• **Record excerpts**

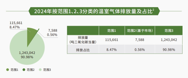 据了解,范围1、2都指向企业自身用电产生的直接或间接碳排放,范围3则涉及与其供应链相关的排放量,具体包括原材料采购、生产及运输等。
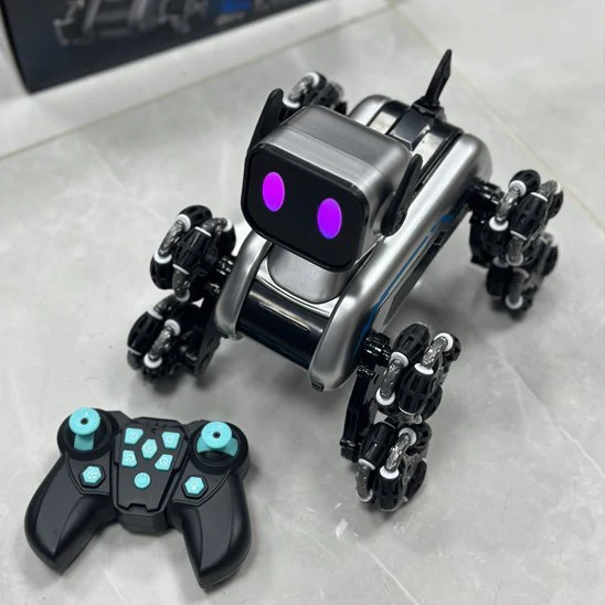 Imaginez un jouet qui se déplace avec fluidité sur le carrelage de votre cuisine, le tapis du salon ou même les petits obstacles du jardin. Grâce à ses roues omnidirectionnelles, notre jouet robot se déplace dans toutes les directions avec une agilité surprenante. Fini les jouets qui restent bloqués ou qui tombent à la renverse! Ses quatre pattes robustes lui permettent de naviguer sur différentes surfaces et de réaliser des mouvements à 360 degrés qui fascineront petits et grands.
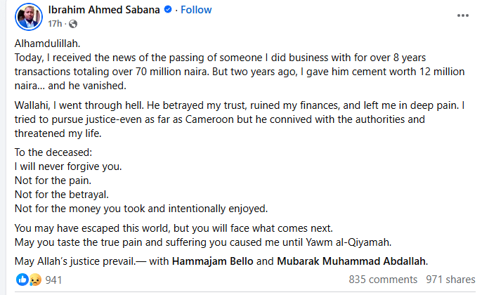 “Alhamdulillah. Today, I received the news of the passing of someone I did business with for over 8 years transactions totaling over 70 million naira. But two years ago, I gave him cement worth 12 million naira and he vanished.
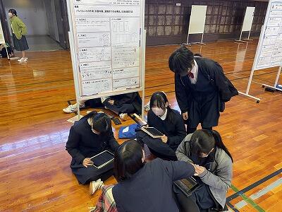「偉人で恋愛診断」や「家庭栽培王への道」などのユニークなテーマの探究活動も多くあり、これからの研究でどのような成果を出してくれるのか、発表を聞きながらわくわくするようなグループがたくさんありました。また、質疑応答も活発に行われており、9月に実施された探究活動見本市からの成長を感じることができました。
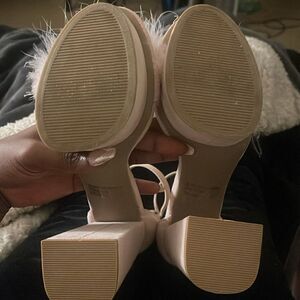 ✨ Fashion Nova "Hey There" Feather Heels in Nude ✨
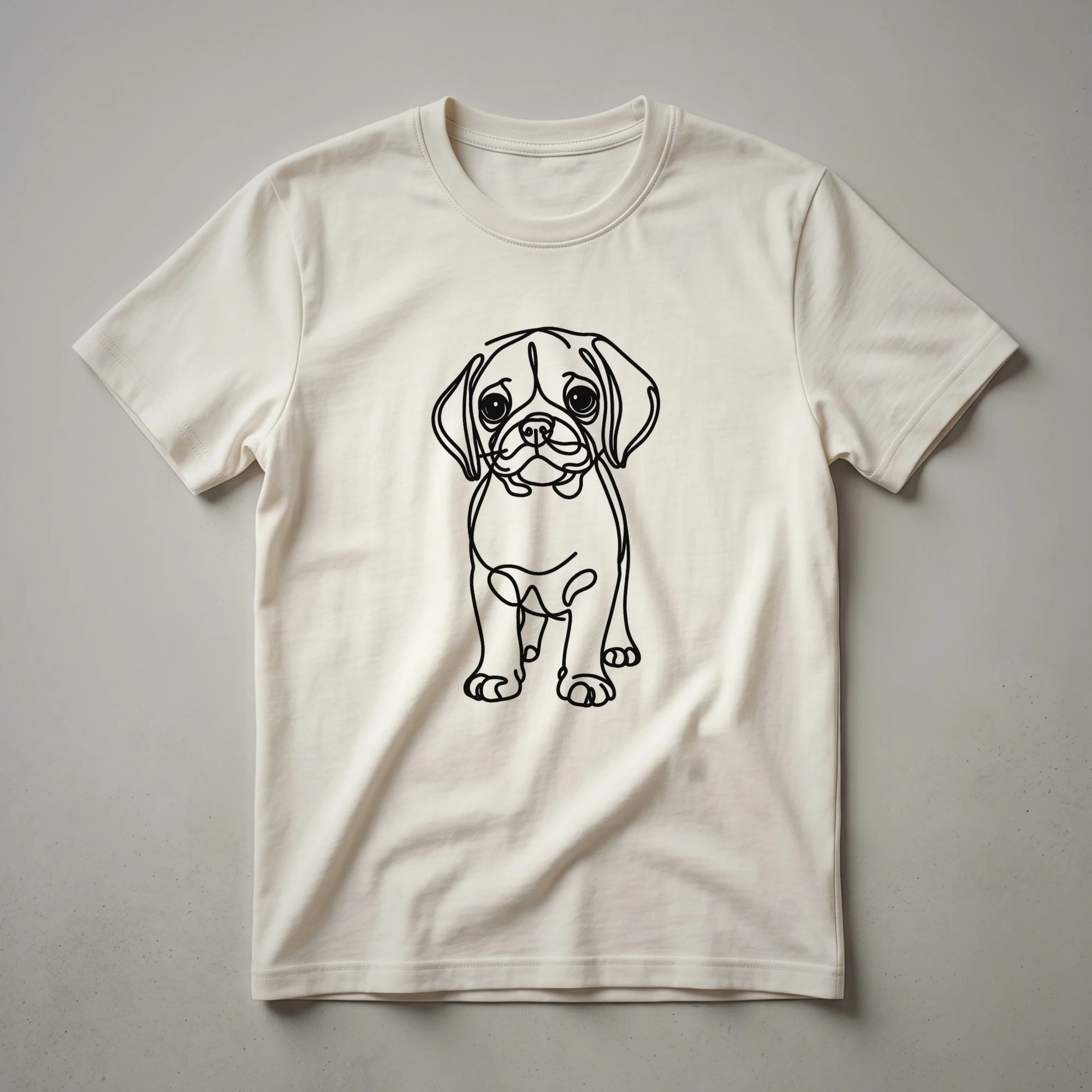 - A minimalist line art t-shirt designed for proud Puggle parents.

---

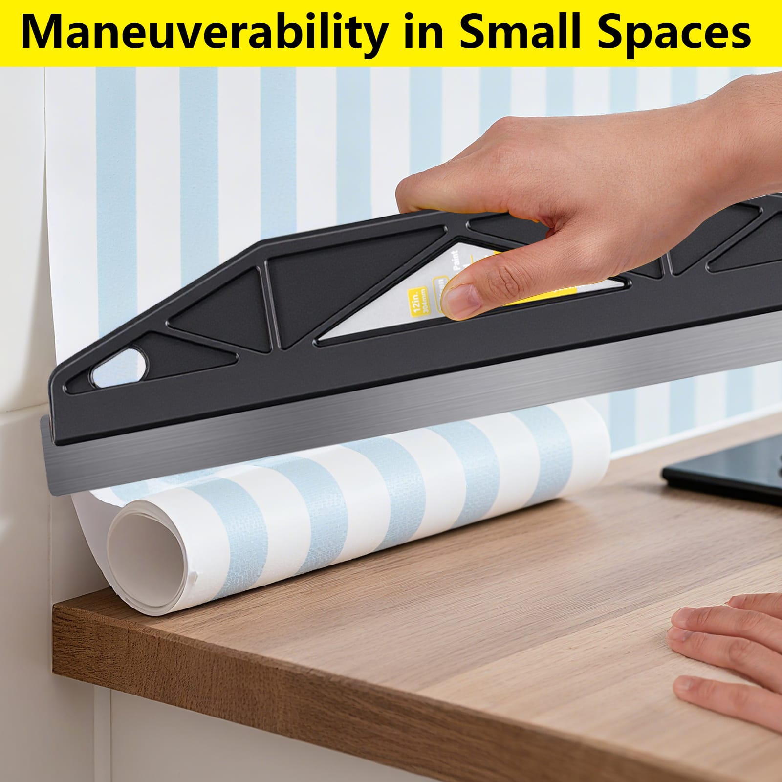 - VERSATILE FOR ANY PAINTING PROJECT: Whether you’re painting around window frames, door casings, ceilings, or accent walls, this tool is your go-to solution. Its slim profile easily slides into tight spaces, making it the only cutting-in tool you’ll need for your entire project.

• **How to complete this task**
The answer must be the lines above from the one containing "据了解,范围1、2都指向企业" through the one containing "Imaginez un jouet", reproduced exactly, with no pictures and nothing else.

• **Exercise result**
 据了解,范围1、2都指向企业自身用电产生的直接或间接碳排放,范围3则涉及与其供应链相关的排放量,具体包括原材料采购、生产及运输等。
 Imaginez un jouet qui se déplace avec fluidité sur le carrelage de votre cuisine, le tapis du salon ou même les petits obstacles du jardin. Grâce à ses roues omnidirectionnelles, notre jouet robot se déplace dans toutes les directions avec une agilité surprenante. Fini les jouets qui restent bloqués ou qui tombent à la renverse! Ses quatre pattes robustes lui permettent de naviguer sur différentes surfaces et de réaliser des mouvements à 360 degrés qui fascineront petits et grands.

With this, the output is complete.